The amendment to the Penal Code establishes that rapists who abuse minors under 14 years old will face the castration of their genitals and the removal of the Fallopian tubes in the case of men and women, respectively. This, in addition to life imprisonment.
On September 16, 2020, Kaduna's governor Nasir El-Rufai enacted the law that aims at radically preventing sex offenders from committing such crimes.
"Death sentences are often commuted in Nigeria to prison sentences, leaving open a chance that a convicted child rapist maybe eventually released after serving several years. Castration removes the possibility of reoffending," said the governor's spokesperson Muyiwa Adekeye via Twitter.
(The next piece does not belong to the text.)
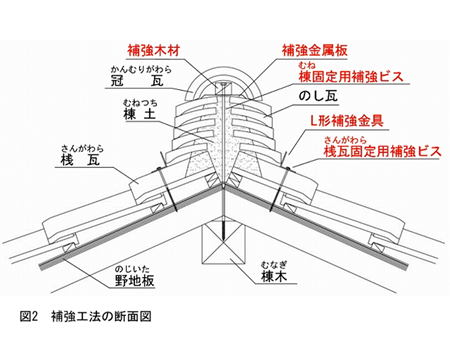 瓦屋根の工法は、平成7年1月の兵庫県南部地震(阪神・淡路大震災)を受け、ガイドライン工法がまとめられました。震災の際、住宅の瓦はすべてが一様に破損したわけではなく、屋根の頂点部分(棟・むね)に被害が集中しました(図1)。ガイドライン工法は、この棟を従来の土のみで固定する工法ではなく、棟部を金属の金具等でしっかりと固定する工法です。平成23年3月の東日本大震災において、このガイドライン工法を採用した住宅では、棟部の倒壊・破損はほとんど見られませんでした。

Malam Nasir @elrufai has signed the Kaduna State Penal Code (Amendment) Law 2020 which provides stiff penalties upon conviction for the rape of a child, including surgical castration for male convicts and bilateral salpingectomy for female convicts pic.twitter.com/m86UXi4dEg
The previous law only carried a maximum penalty of 21 years in prison for the rape of an adult and life imprisonment for the rape of a child.
Following a series of scandals and an increment of events, Nigeria's rape crisis has worsened amid the COVID-19 pandemic. In June, all 36 states declared an emergency over rape and other types of violence against women and children.
During the announcement, the country's Inspector General of Police Mohammed Adamu reported that between January and May 2020, there were registred 717 rapes, and the situation would turn even more critical because of the lockdown measures.
Although Nigeria already has a legal framework to address gender violence through the Violence Against Persons (Prohibition) Act, only 15 out of the 36 states have adopted the legislation that difficulties the conviction of abusers. In this sense, Kaduna's state law reform paves the way to a more severe and preventive gender violence approach nationwide.